A Docker software container was built containing GeNNet and all its required libraries and dependencies. This enables users to download a single software container that includes all the components of GeNNet and instantiate this environment independently in any host that runs an operating system supported by Docker. The software container was successfully tested on CentOS Linux 7, Ubuntu Linux 14.04, MacOS X 10.11.6 and Windows 10 hosts. The software container for GeNNet, specified in a script named ‘Dockerfile’, was built according to the following steps: (i) The operating system environment is based on Debian GNU/Linux 8 with software packages required by GeNNet, such as R (v. 3.3.1), installed from the official Debian repositories; (ii) The R software and the packages required by GeNNet, installed from the CRAN repository; (iii) RStudio (v. 1.0.44) server and the Neo4j (Community Edition v.3.0.6) graph database, installed from their respective official repositories; (iv) Supporting data sets, such as PPI, loaded to the graph database; (v) GeNNet-Wf, implemented in R, installed in RStudio; (vi) Shiny, a web application server for R, installed from its official repository. GeNNet-Web, which calls GeNNet-Wf, is loaded to Shiny.

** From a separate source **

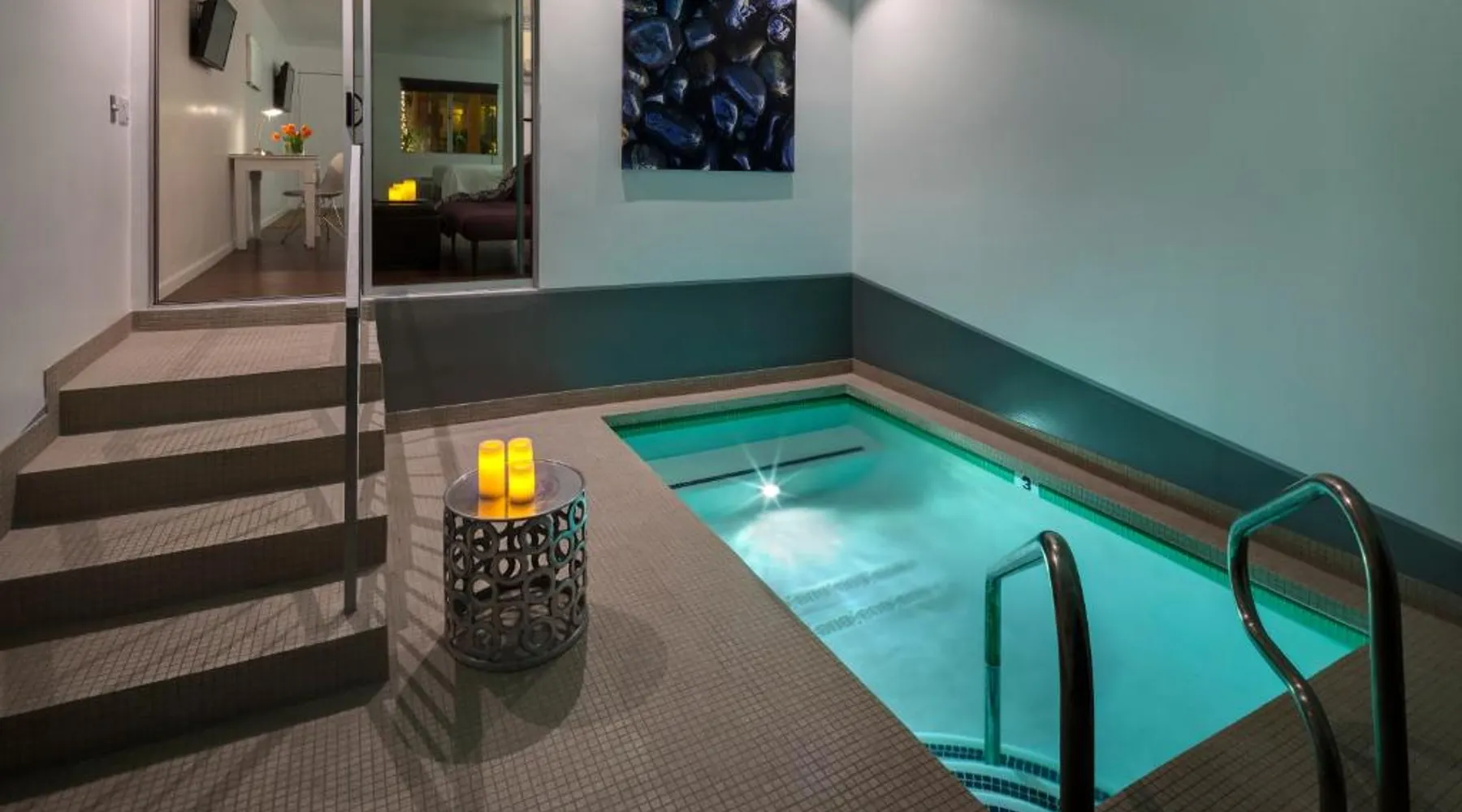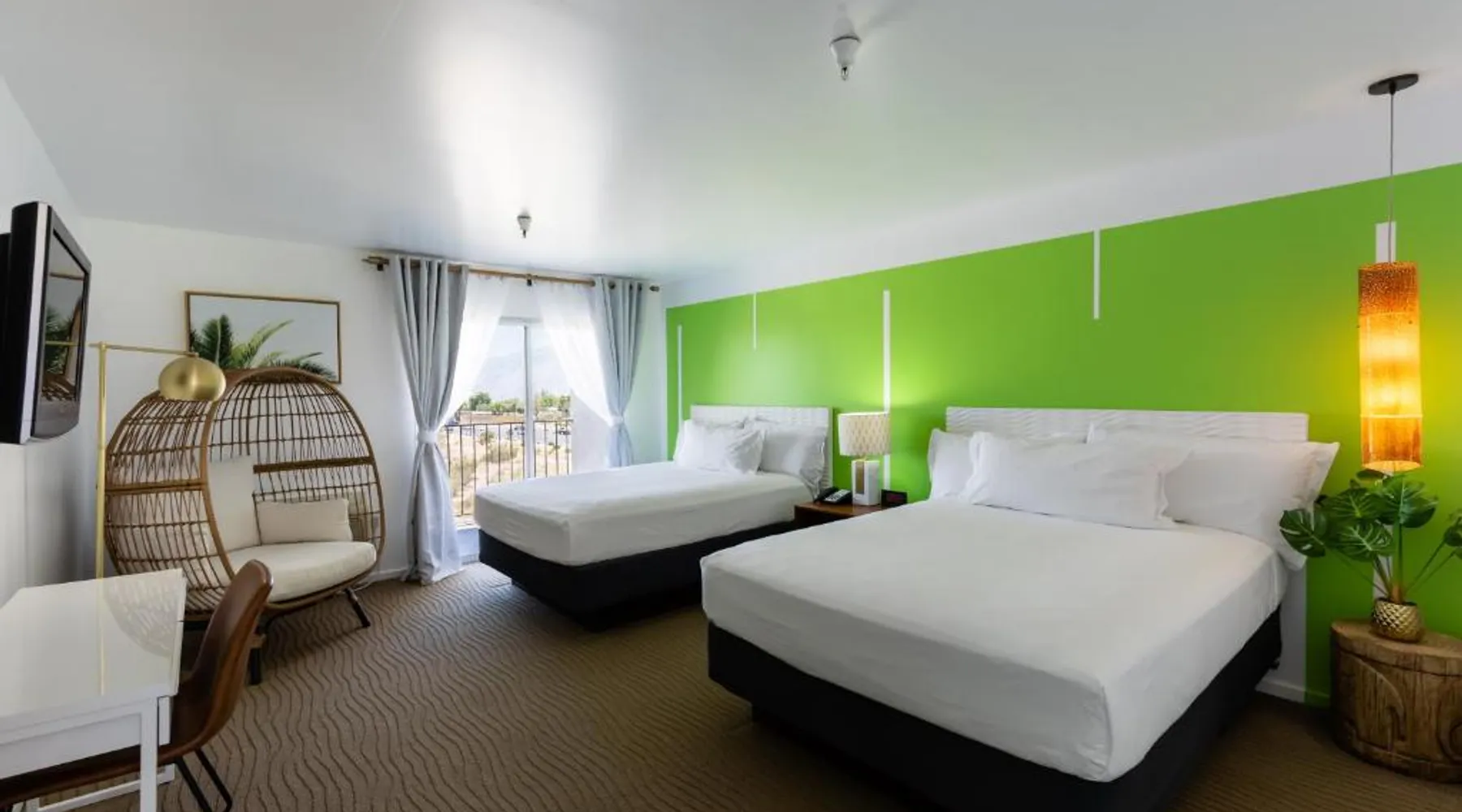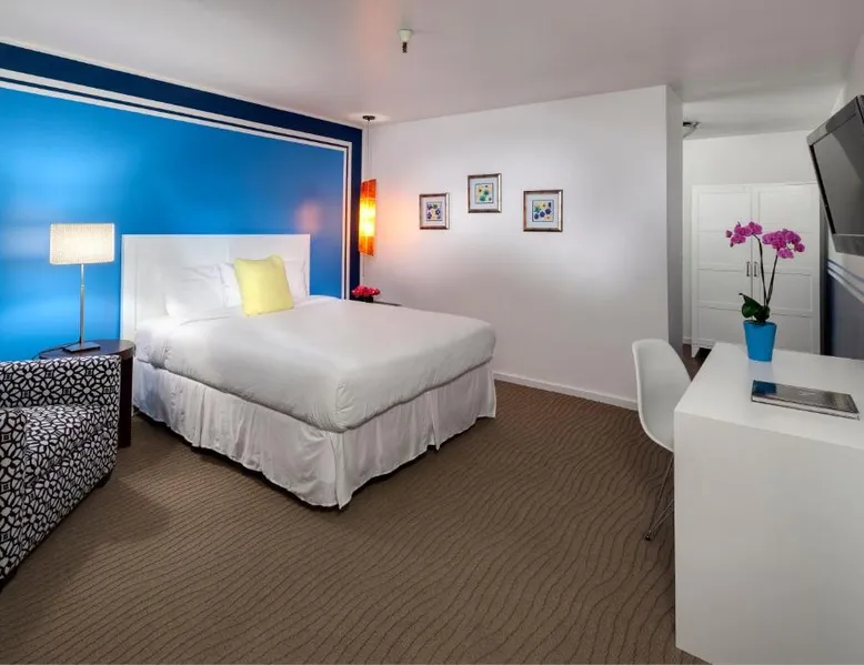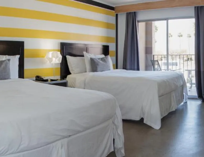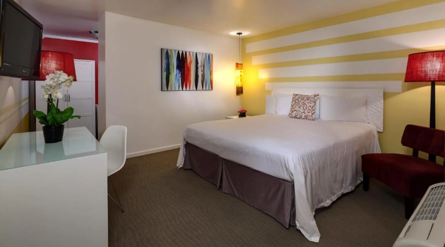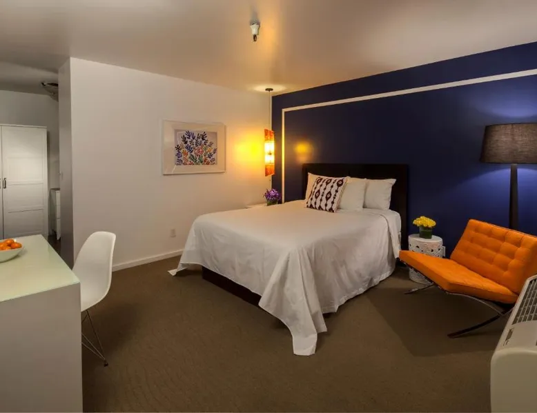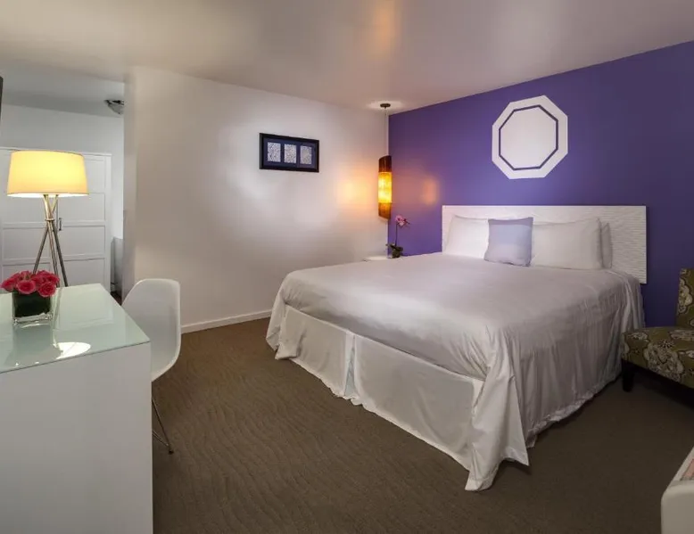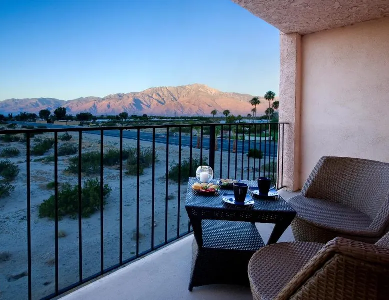 Featuring an outdoor and indoor mineral swimming pool, this Desert Hot Springs, California hotel and spa is 5 minutes’ drive to Desert Dunes Golf Course, 10 miles from downtown Palm Springs and 33 miles from Joshua Tree National Park. Offering flat-screen cable TV, all modern rooms features a compact fridge and an private bathroom at Aqua Soleil Hotel and Mineral Water Spa. Select suites feature a private swimming pool. Guests can enjoy the on-site pool, as well as indoor and outdoor hot tubs that are filled with Desert Hot Spring's mineral water at Aqua Soleil Mineral Water Spa and Hotel. Massage and spa services are available at the on-site spa. Guests have free access to World Gym just 1.8 miles away. Palm Springs International Airport is 20 minutes’ drive from Aqua Soleil Hotel and Mineral Water Spa. Featuring a private balcony, this modern room features a flat-screen cable TV, a compact fridge and an private bathroom. Tea and coffee-making facilities are also provided.

Computational experiment reproducibility

Reproducibility is accounted in GeNNet in two aspects. Firstly, the platform provides a provenance trace record generated by the RDataTracker package (Lerner & Boose, 2015) for R. The trace contains the activities executed by the workflow and the data sets consumed and produced by them. This trace is exported to a persistent directory. Secondly, the adoption of software containers allows for using the same environment (operating system environment, libraries, and packages) every time GeNNet is instantiated and used. Both the provenance trace and the preservation of the execution environment with software containers significantly help the computational experiment reproducibility since users can retrieve from the former the parameters and data sets used in analyses and, from the latter, re-execute them in the same environment, as provided by the GeNNet software container.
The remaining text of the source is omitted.